Bloß, D., Trinter, F., Unger, I., Zindel, C., Honisch, C., Viehmann, J., et al. (2024). X-ray radiation damage cycle of solvated inorganic ions. Nature Communications, 15: 4594. doi:10.1038/s41467-024-48687-2.


Cite as: https://hdl.handle.net/21.11116/0000-000F-5B3D-8
Abstract
X-ray-induced damage is one of the key topics in radiation chemistry. Substantial damage is attributed to low-energy electrons and radicals emerging from direct inner-shell photoionization or produced by subsequent processes.

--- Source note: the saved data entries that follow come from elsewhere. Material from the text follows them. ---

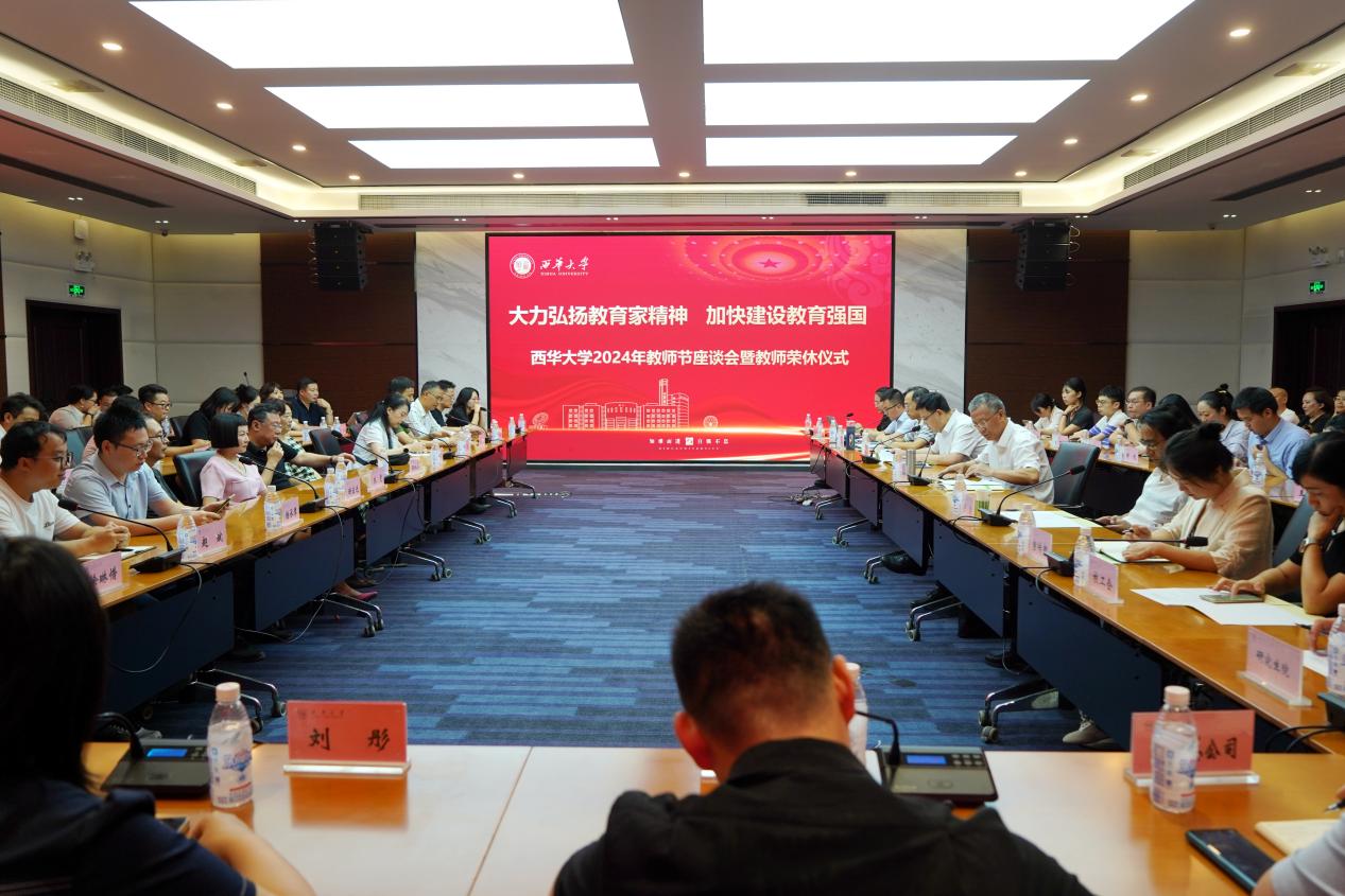 为深入贯彻党的二十大精神和习近平总书记关于教育的重要论述,大力弘扬教育家精神,加快建设教育强国,9月6日下午,学校在郫都校区办公楼101会议室举行庆祝第40个教师节教师座谈会暨2024年教师荣休仪式,向全体教师长期以来对学校发展所做的贡献表示感谢,倾听一线教师的心声,群策群力共谋学校发展。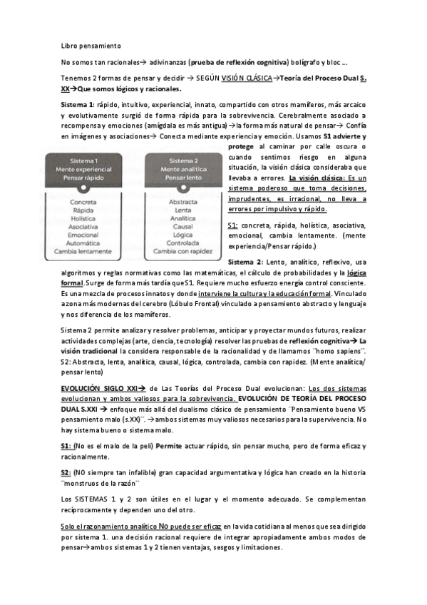 Apuntes de la asignatura de pensamiento con manual y notas de clase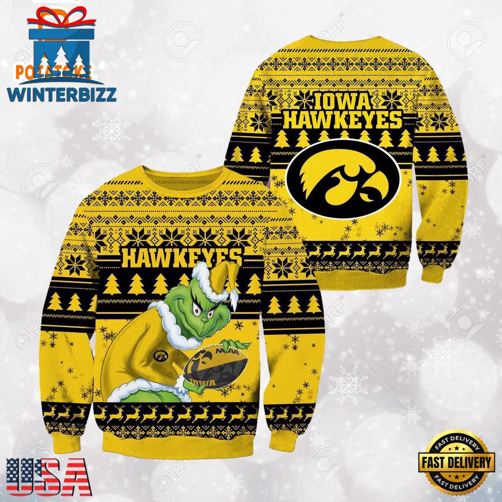 Iowa Hawkeyes Grinch Custom Name NCAA Ugly Christmas Sweater , NCAA Christmas Sweaters is a Christmas sweater with funny, humorous, and quirky patterns. It will be a meaningful gift for you to show your love and care for your loved ones.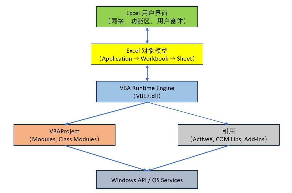 需要强调的是,与其前辈 BASIC、Visual Basic(VB)不同,VBA 是“寄生”(hosted)在 Excel 中的。Excel 包含了 VBA 的编辑器、编译器、运行时系统。VBA 不能单独存在,也不能编译为独立运行的 .exe 程序。Windows 平台的桌面版 Excel 是功能最齐全、最强大的 VBA 宿主环境,其架构如图8:从这个架构图可以看出,VBA 不仅可以在模块中写代码,也可以在类模块中写各种 Class,不仅可以访问 Excel 的各种对象,也可以通过引用访问其他的 COM 组件和 Excel 加载项,还可以访问 Windows 的 API,以获取操作系统提供的服务。随着我们对 VBA 了解的逐步深入,这些内容都会逐步涉及到。至此,我们对 VBA 的了解应该说已经入门,下面就是要“探其堂奥”了。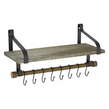 Soduku Rustic Kitchen Wood Wall Shelf Spice Rack Shelf With Towel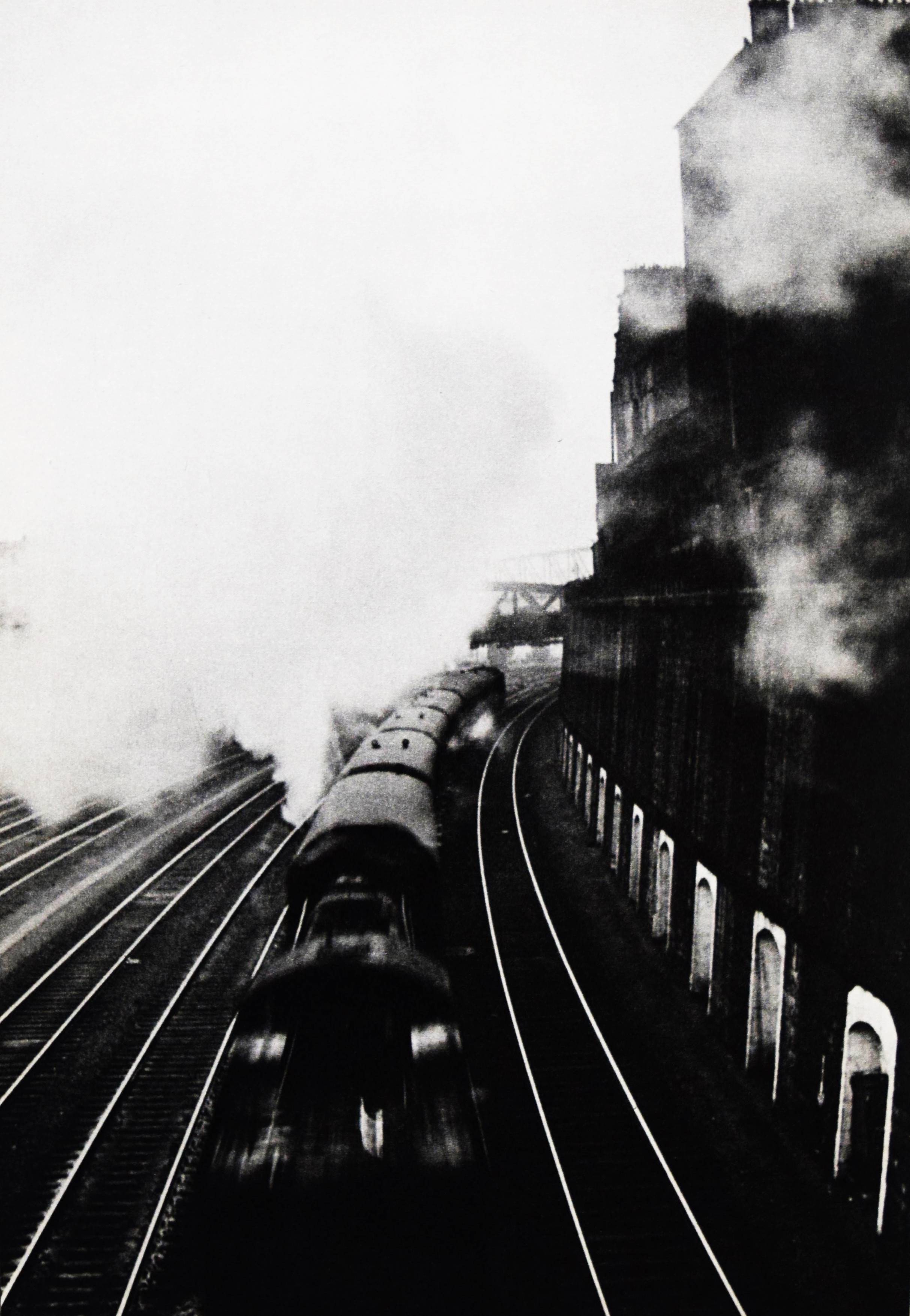Groebli, René. Magie der Schiene. Fotos: René Groebli. Gedicht: Albert Ehrismann. (Nachwort von Hans Ulrich Gasser). Zürich, Kubus-Verlag (1949). Gr.-8°. Portfolio, [8] Doppelbl. mit 12 ganzseit. u. 2 doppelblattgr. Abb. Illustr. Karton-Umschlag mit Bauchbinde (Buchschleife). Auer 335. Heidtmann 12417. Koetzle 176 f. The Open Book 152 f. Parr/Badger I, 204. Schweizer Fotobücher 162 ff. – Eines von 700 num. Exemplaren (GA 1000 Exemplare). – Von R. Groebli im Druckvermerk signiert. – „Die 24 x 18 Zentimeter grosse Mappe … gilt als Meilenstein der Schweizer Nachkriegsfotografie und Fotobuchgestaltung. Schon die rasant bewegungsverwischte Titelfotografie auf dem Umschlag zieht den Betrachter in ihren Bann: Liest man das Motiv der schnellen Einfahrt eines Zugs in das Halbrund eines gähnend schwarzen Tunnels umgekehrt, also als befreiende Ausfahrt aus dem dunkel ans Licht (was auch eine legitime Interpretation des Bildes wäre), so hat man eine starke Metapher für den Aufbruch der jungen Schweizer Fotografie ab 1975 nach der Zeit des Eingeschlossenseins während des Krieges. Eine Generation von Fotografierenden wollte den eingeschränkten Bewegungsradius ausdehnen und begann, international auf Reisen zu fotografieren. Sie suchte dabei auch auf zeitgemässe Weise an die grosse Tradition einer berichtenden Fotografie anzuknüpfen, die in der Schweiz unter anderem bereits um die Zürcher Illustrierte und ihren Chefredakteur Arnold Kübler in den späten 20er-Jahren begonnen hatte. Leonhard von Matt, Werner Bischof, Ernst Scheidegger, Henriette Grindat, Robert Frank, Jean Mohr, Yvan Dalein oder René Burri brachten dabei nicht nur aus der Schweiz auf, um die Welt zu „er-fahren“. Sie suchten oft zugleich eine neue zeitgenössische Bildsprache, eine andere Art von Wirklichkeitsvermittlung, was sie mit vielen internationalen Fotografierenden verband, auch in den USA mit der Life-Fotografie. … Ein Teil der Auflage erhielt eine im Handsatz bedruckte grüne „Bauchbinde“, die Groebli später auch auf dem Printer nachproduzierte (wie bei vorliegendem Exemplar)“ (T. Koenig in Schweizer Fotobücher). – „The 14 photographs, reproduced in fine gravure, are about the experience of train travel, particularly speed and movement. Groebli captured this by making simple, graphic pictures, and constructing a series of formal variations that investigate blurring and freezing movement, sharp and soft focus. The result is an extremely elegant mood piece, a self-assigned protect turned into an immaculate showcase for the talents of all concerned“ (Parr/Badger). – Sehr schönes sauberes Exemplar mit der meist fehlenden Bauchbinde.

We apply multi-electron coincidence spectroscopy to X-ray-irradiated aqueous solutions of inorganic ions to investigate the production of low-energy electrons (LEEs) in a predicted cascade of intermolecular charge- and energy-transfer processes, namely electron-transfer-mediated decay (ETMD) and interatomic/intermolecular Coulombic decay (ICD). An advanced coincidence technique allows us to identify several LEE-producing steps during the decay of 1s vacancies in solvated Mg2+ ions, which escaped observation in previous non-coincident experiments. We provide strong evidence for the predicted recovering of the ion’s initial state. In natural environments the recovering of the ion’s initial state is expected to cause inorganic ions to be radiation-damage hot spots, repeatedly producing destructive particles under continuous irradiation.